By Kenyon Farrow
RH Reality Check
On August 22, the New York City Council voted to override Mayor Michael Bloomberg’s veto of the Community Safety Act, which is composed of two bills seeking to create more levels of accountability within the New York Police Department (NYPD) and prevent discriminatory practices, such as stop-and-frisk activity, from occurring.
The Community Safety Act was passed one week after Judge Shira A. Scheindlin declared, in Floyd v. The City of New York, that the NYPD’s stop-and-frisk program is unconstitutional because it violates the Fourth Amendment.
While we should be pleased a court ruled against the department’s stop-and-frisk policy — which is said to have violated the constitutional rights of many thousands of people, almost all of them Black and Latino, with the vast majority of them not found to have violated any crime — the ruling did not go far enough to ensure people in New York are protected from being unduly harassed and violated.
But the Community Safety Act actually gives some teeth to Judge Scheindlin’s decision, and speaks to the need for community organizing to drive policy and ensure its enforcement.
In her decision, Judge Scheindlin ruled on behalf of the plaintiffs represented in the stop-and-frisk case, arguing:
[F]irst, plaintiffs showed that senior officials in the City and at the NYPD were deliberately indifferent to officers conducting unconstitutional stops and frisks; and second, plaintiffs showed that practices resulting in unconstitutional stops and frisks were sufficiently widespread that they had the force of law.
In order to be able to use the stop-and-frisk tactic in ways that are lawful, Judge Scheindlin ordered the city to bring on a federal monitor to oversee reforms, change the way stops are documented, and institute a year-long pilot program through which officers must wear cameras to record their interactions.
While many in the press declared the judge’s decision an end to stop and frisk, her decision stopped short of a full-on repeal. As long as the NYPD doesn’t use race as a blanket reason for stops, the tactic can move forward.
Judge Scheindlin’s decision means that “if you have objectionable facts that add up to reasonable suspicion, the cop has the right to stop you and ask,” said Andrea Ritchie, co-director of Streetwise and Safe and a core member of the Communities United for Police Reform (CPR) coalition. “The judge ruled that that’s fine. But the way the NYPD does it, being Black equals reasonable suspicion.”
The plaintiffs in Floyd v. New York were able to successfully demonstrate that the NYPD would not stop whites even if they were in exactly the same circumstances for which Blacks and Latinos were being frisked. “[Police officers] often just check off things like furtive movement, or the neighborhood you’re in as the reason,” said Ritchie.
So not only does the judge’s decision not really end the practice of stop and frisk, and does not call for a reduction in the number of stops, it only speaks specifically to racial profiling. However, we know that other kinds of profiling — based on gender, sexual orientation, economic status, and other characteristics — are often used by police.
Understanding the need for comprehensive police reform and greater accountability is what drove the formation of CPR, which includes dozens of community-based organizations and national advocacy groups.
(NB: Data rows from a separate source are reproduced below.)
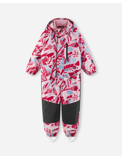 A reliable partner for winter adventures - the children's Reimatec winter overall Muhos! The waterproof material of this overall keeps your child dry, while the warm padding and breathable material ensure comfort even in the coldest weather. Reflective details enhance visibility in the dark. The overall's windproof properties, water and dirt-repellent features, and extremely durable reinforcements at the seat and legs make it an excellent choice for an active child. Thanks to the smooth lining, the overall slips on easily. The overall features a safe, detachable, and adjustable hood, elastic cuffs at the sleeves and legs, a zippered chest pocket, snap-buttoned flap pockets, and an adjustable waist on the inside. Additionally, the overall has detachable, durable silicone foot straps that keep the legs in place even during energetic play.
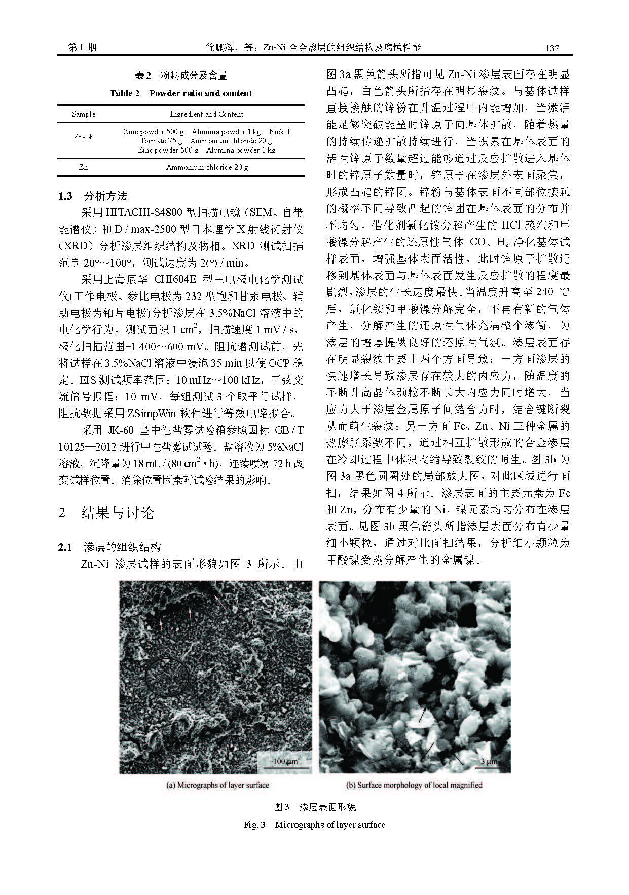 Zn-Ni 合金渗层的组织结构及腐蚀性能
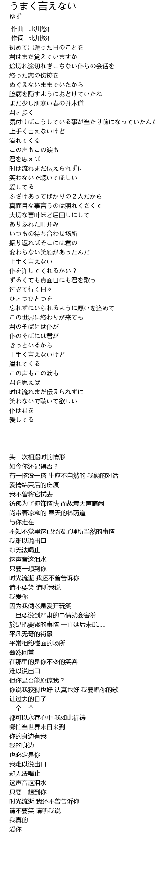 | Song | うまく言えない |
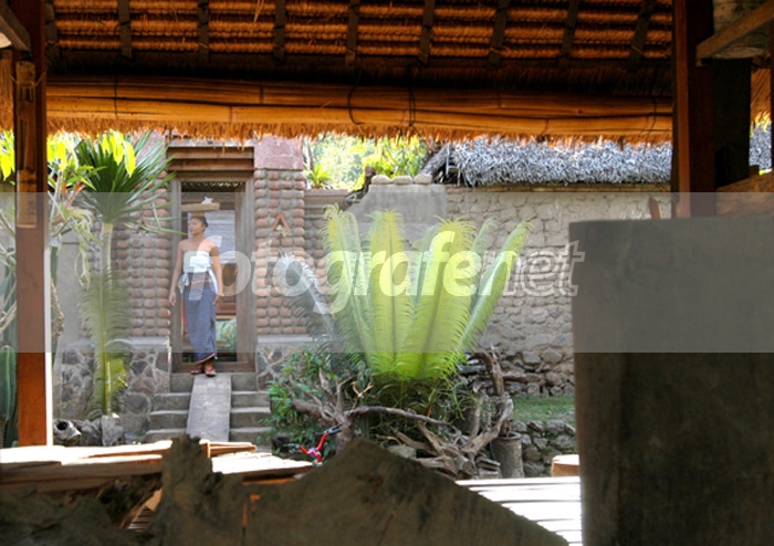 Seorang wanita Bali, menuruni tangga membawa sajen ke tempat upacara. Posisi saya di sebuah bangunan terbuka. yang digunakan sebagai tempat penyimpanan gamelan.
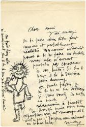 MAYO AntoineLettre autographe signée, adressée à A. Duchemin. Sans date ; 1 page in-4°, illustrée d’un amusant dessin, représentant un curieux personnage debout. « J’ai essayé de te faire deux têtes fort cousines et probablement réalistes. Ma manie m’aurait poussé à te les faire en dentelles mais cela n’aurait peut-être pas convenu à vos buts. Si tu le veux je te le dessine pour demaing [sic]. De toute façon, je ne te les ai pas dédicacées, si vous voulez les mettre en vente. » Belle lettre illustrée.
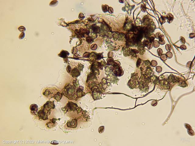 Spores claires de (7-) 8-10 (-11)µm de diamètre, verruqueuses, avec des groupes de verrues plus foncées.
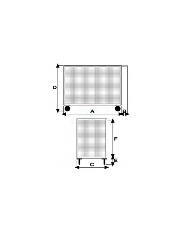 Carrello con pianale in acciaio inox a 4 sponde in rete - 4 ruote Ø cm 14 antitraccia girevoli - cm 60x105x81h
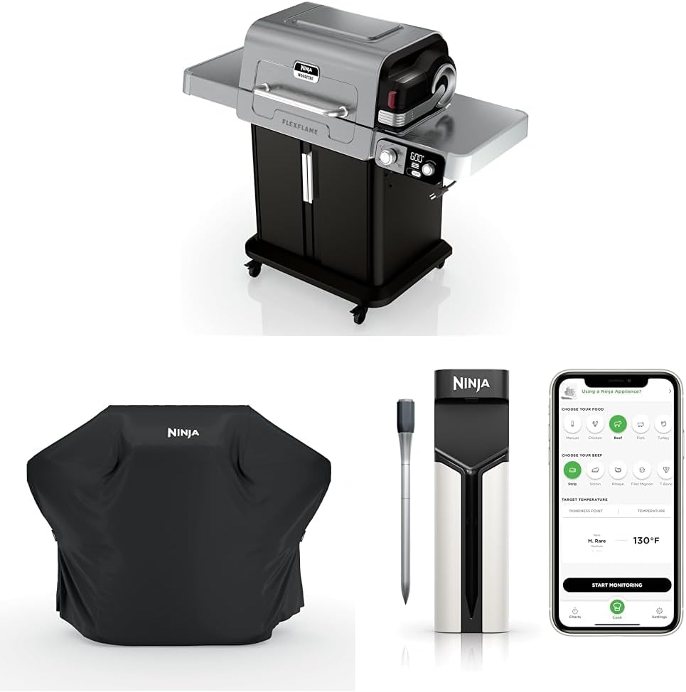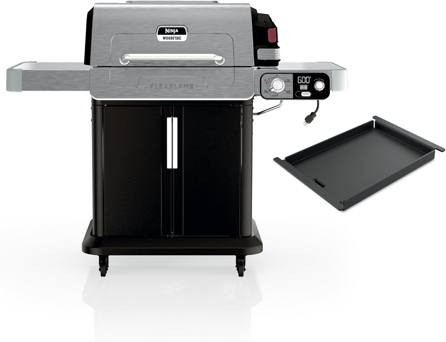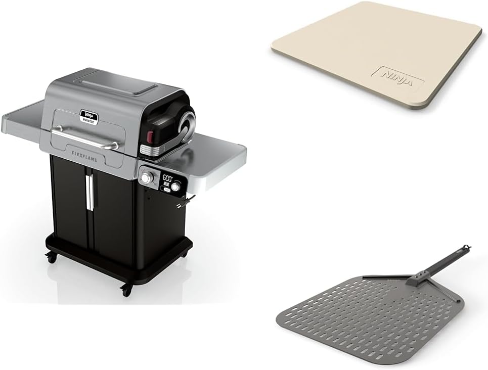 Ninja FlexFlame, Grill and Smoker, Electric and Propane Grill, Roaster, BBQ Grill, 5-in-1 Cooking System, 3 Burner, Digital Control, Outdoor Cooking, Griddle, Pizza Maker, Stainless Steel, PG301
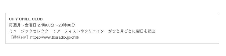 アーティストやクリエイターがひと月ごとに曜日担当し、「CHILL」(癒し・すばらしい・かっこいい)をコンセプトに2時間のミュージックプレイリストを作成しOAするプログラム「CITY CHILL CLUB」(月曜~金曜 27時~29時放送)の1月31日までの1月度ミュージックセレクターが決定しました。
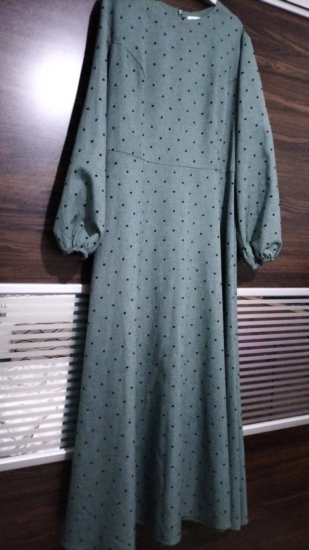 Gri renk, siyah puantiyeli, V yaka ve uzun kollu, bol kesim bohem tarzda uzun elbise. Drapeli detay ve vintage modest görünüm sunar.
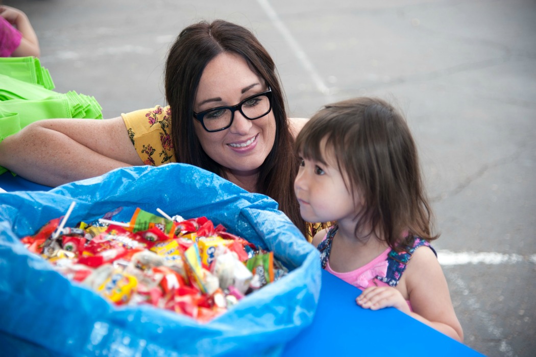 Making smart snack choices is easy when your home is full of the right options but with the holidays in full swing, it’s easy to get comfortable in the alternative. Blue Cross Blue Shield of Arizona’s Nourishing Arizona Homegrown Healthy campaign is helping our community learn about the benefits of eating fresh produce and providing the opportunity for every family to take home items from farmer’s markets like we did at the Sugar Swap. We recently visited the Sugar Swap to exchange our Halloween candy for Homegrown Healthy Bucks. Little sister wasn’t sure why she was handing over her giant bag of candy but listened intently as we learned age appropriate facts about the differences between sugars found in treats and the healthy sugars found in fruits and vegetables.
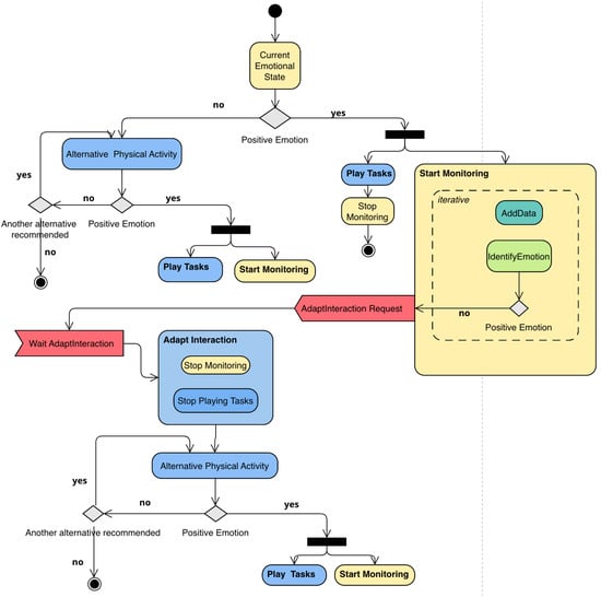 Before starting any interaction, the algorithm gets the child’s emotional state from the coordinator. If the state is a negative one, namely, angry, the application will give the child a timeout and propose some entertainment activities in order to change the child’s emotional state. After the execution of the entertainment activities, the emotional state is obtained again. If it is still a negative one, the previous steps are executed again; otherwise, the normal interaction flow will start. Before starting this flow, the emotional state monitoring activity is started by calling the StartMonitoring Service from the coordinator. If after executing the relaxing physical activities for a predefined number of times (called ), the state of the child is still a negative one, then the interaction stops. We consider that, in this case, the child’s emotional state does not facilitate learning.
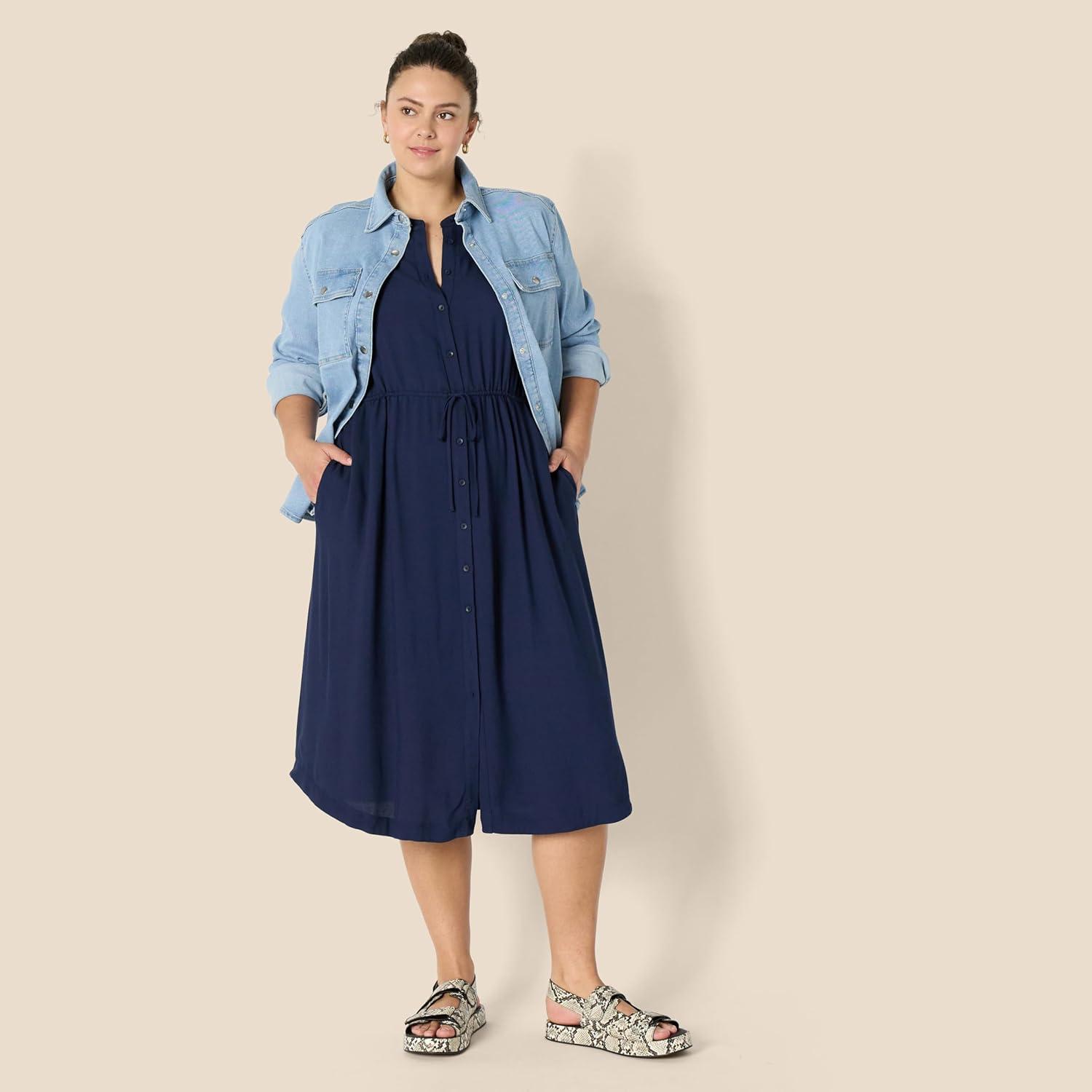 Amazon Essentials Women’s Fit and Flare Half-Sleeve Waisted Midi A-Line Dress with Pockets(Navy)

The coalition came together two years ago and began to push for the Community Safety Act.
As Bloomberg is appealing the Floyd decision, the Community Safety Act goes above and beyond the limitations of that ruling.
It will create an enforceable ban against intentional racial discriminations and any law enforcement action that has disparate impact, as well as profiling on the basis of gender identity and expression, sexual orientation, immigration status, disability, and housing status.
The act also supports the creation of an independent inspector general and gives a way for individuals to get some level of accountability if they are victims of these discriminatory patterns.
Many LGBTQ and HIV advocates have also been advocating for a state bill that would bar police from using the possession of condoms as evidence of prostitution, a practice that still disproportionately targets Blacks and Latinos.
I personally have had to advocate on behalf of people — mostly transgender women and queer youth of color — who were arrested for prostitution while actually performing HIV and sexually transmitted disease prevention outreach work, for which they were employed.
Monifah Bandele, a member of the Malcolm X Grassroots Movement (MXGM) and CPR, also feels that the NYPD needs more enforceable restrictions beyond the stop-and-frisk ruling.
“Law will not change the culture of how the NYPD functions, so we will be involved in all the ways the police functions that the Floyd [decision] does not cover,” she said.
As Bandele notes, the issues within the NYPD go far beyond what happens on the streets.
In July, a woman named Kyam Livingston died in Brooklyn central booking, after, according to other arrestees, she pleaded for medical attention for hours. These kinds of abuses aren’t new. MXGM and many other organizations in the coalition have been involved in organizing against abuses by the NYPD, dating back to the shooting of Amadou Diallo in 1999.
“New York City set the standard for policing nationally and internationally—helping train police officers,” said Bandele. “So what happens in New York has national and global implications.”